Color mapping is always challenging in astrophotography, especially when we have observations of the same astronomical object in multiple spectral bands. Here, I propose a possible method to approach this problem based on a well-known machine learning algorithm borrowed from classic statistics, the Principal Component Analysis (PCA), to compress information from the multiband input data into RGB channels while minimizing information loss. This technique could also be applied to narrowband-only "SHO" data to find an encoding that deals with the typical H-alpha overwhelming signal. 

A Python implementation, as a command-line script, is provided via github.

The technique described here was awarded with the Annie Maunder Prize for Image Innovation in the Astronomy Photographer of the Year competition, 2021 edition, with the image Another Cloudy Day on Jupiter: A Surface Map Based on 8 Filters Data [1]. Also shortlisted in this edition of the contest was the image Multiband Whirlpool Galaxy: From Infrared to X-Rays, produced in the same way. Both images are in the "Examples" section below.  

The problem and existing solutions

What can we do when we have observations of an object in multiple bands and want to construct a color image based on them?

In amateur astrophotography, we usually work with LRGB data and we have workflows to blend them and produce a final RGB image. Sometimes we also capture narrowband data and manually try some mappings to the RGB channels to generate a narrowband-only image, or to enhance nebulosity details on the LRGB data. 

Data from professional observatories usually include observations in more spectral bands. As an example, the Outer Planet Atmospheres Legacy (OPAL) program includes observations in 8 bands [2]. A more extreme case would be the data cubes from Integral Field Spectroscopy (IFS) observations, where each spatial pixel may have several thousand measurements in different wavelengths, sampling its associated spectrum. In these cases, to create a color image for outreach purposes, image processing specialists tend to select a few of the most interesting bands and map/combine them to RGB. 

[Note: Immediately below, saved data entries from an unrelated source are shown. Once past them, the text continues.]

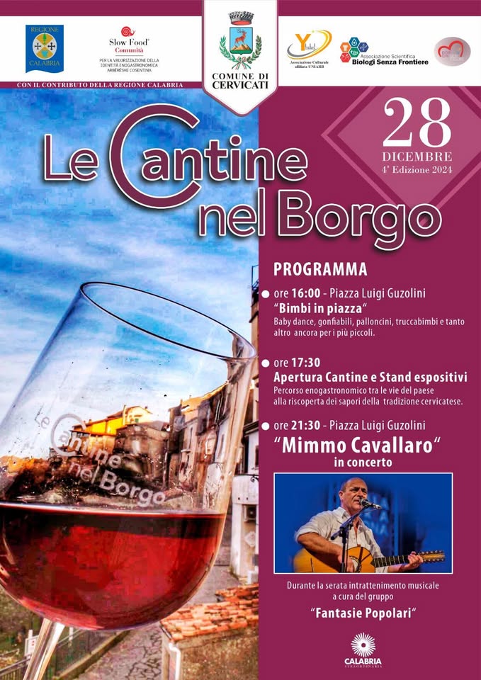 Alle 17:30 si darà avvio al percorso con l’apertura degli stand e delle Cantine. E novità di quest’anno, a partire dalle 21:30, la musica popolare calabrese risuonerà in Piazza Guzolini con il concerto del grande artista Mimmo Cavallaro.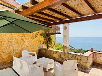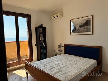 La terrazza vista mare invita a rilassarsi e godere di panorami mozzafiato, mentre il giardino con barbecue è perfetto per le cene estive all'aperto. Non mancano ripostigli per tenere tutto in ordine e un posto auto privato di pertinenza esclusiva per la tua comodità. Le zanzariere ti garantiranno freschezza senza fastidi, rendendo questa villetta un rifugio ideale. Non perdere l'opportunità di vivere a pochi passi dal mare!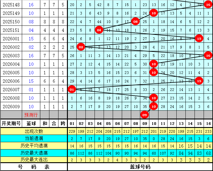 蓝球走势分析:上周四第26007期蓝球开出号码01,最近十周星期四蓝球号码大小比为4:6,奇偶比为6:4,012路比为4:3:3。本期蓝球建议侧重奇数号码,参考蓝球09、11。
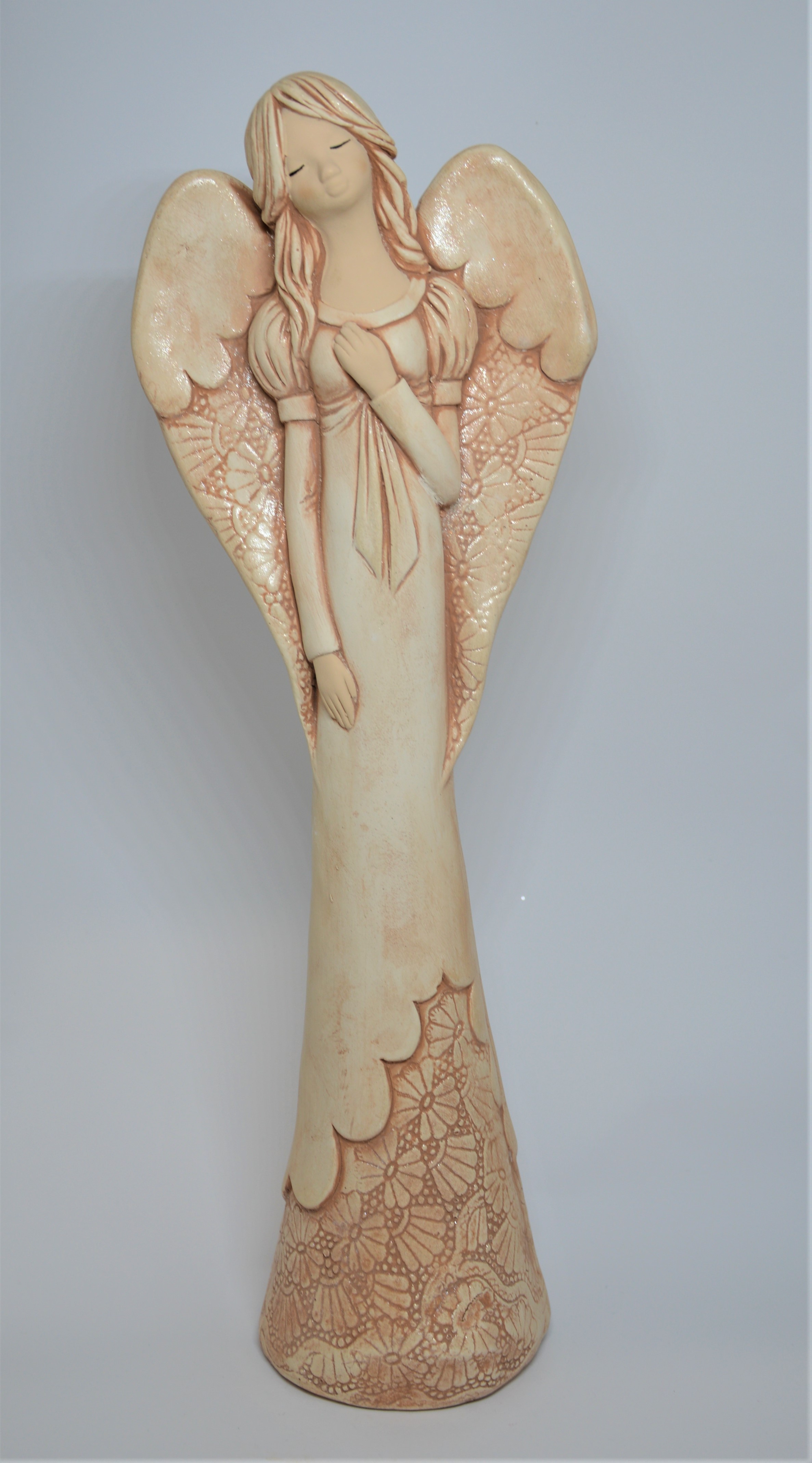 Sádrový anděl světle hnědý v netradičním provedení. Na první pohled vyniká originálně řešenými křídly a dlouhými úzkými šaty převázanými mašličkou, jež ve spodní části zdobí květiny.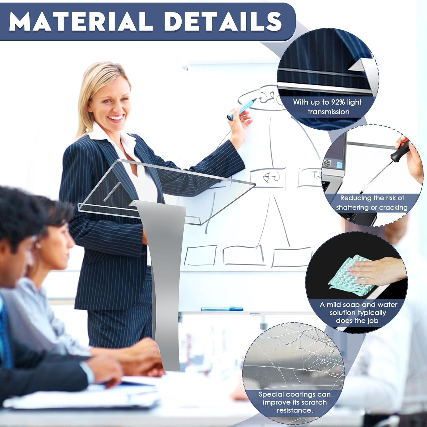 - 【Ergonomic Height】The podium measures 42.5‘’(H)*26.7''(W)*15.7''(L), making this design perfect for a classroom or church. The podium is made of high quality acrylic material with a thickness of 10mm, which is not only sturdy and durable, but also has a high degree of transparency and will not be damaged by long time use.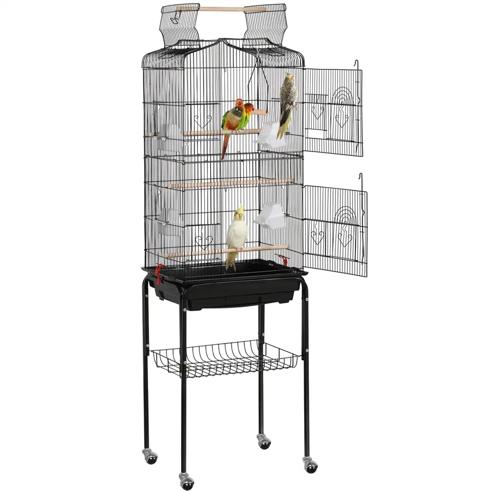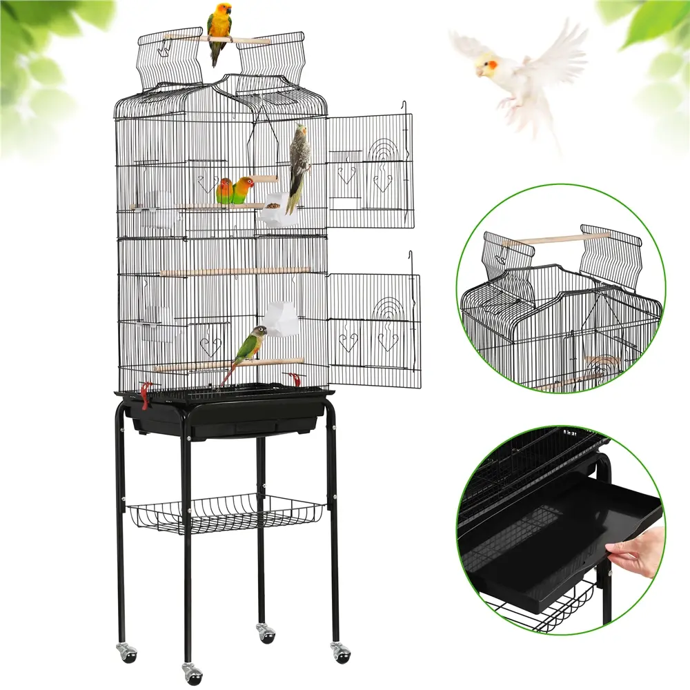 ·Versatile Open Top: This rolling birdcage provides an ideal spot for birds to perch and stretch their wings outside the cage.

Observations of Jupiter (2019) made in 8 bands by NASA OPAL Program

Proposed approach

The observations in different bands of the same object may be seen as a data cube, like in integral field spectroscopy: each pixel corresponds to a specific spatial coordinates of the sky and has N observations associated with it. Therefore, these input pixels are N-dimensional. But our final color image has only 3-dimensional pixels, corresponding to the R, G, and B channels. From this perspective, what we have to do is to find a dimensionality reduction transformation that effectively compresses those input 8-pixels into the output 3-pixels, ideally with minimal loss. The usual approaches do this by discarding some bands and combining others. Can we do this another way?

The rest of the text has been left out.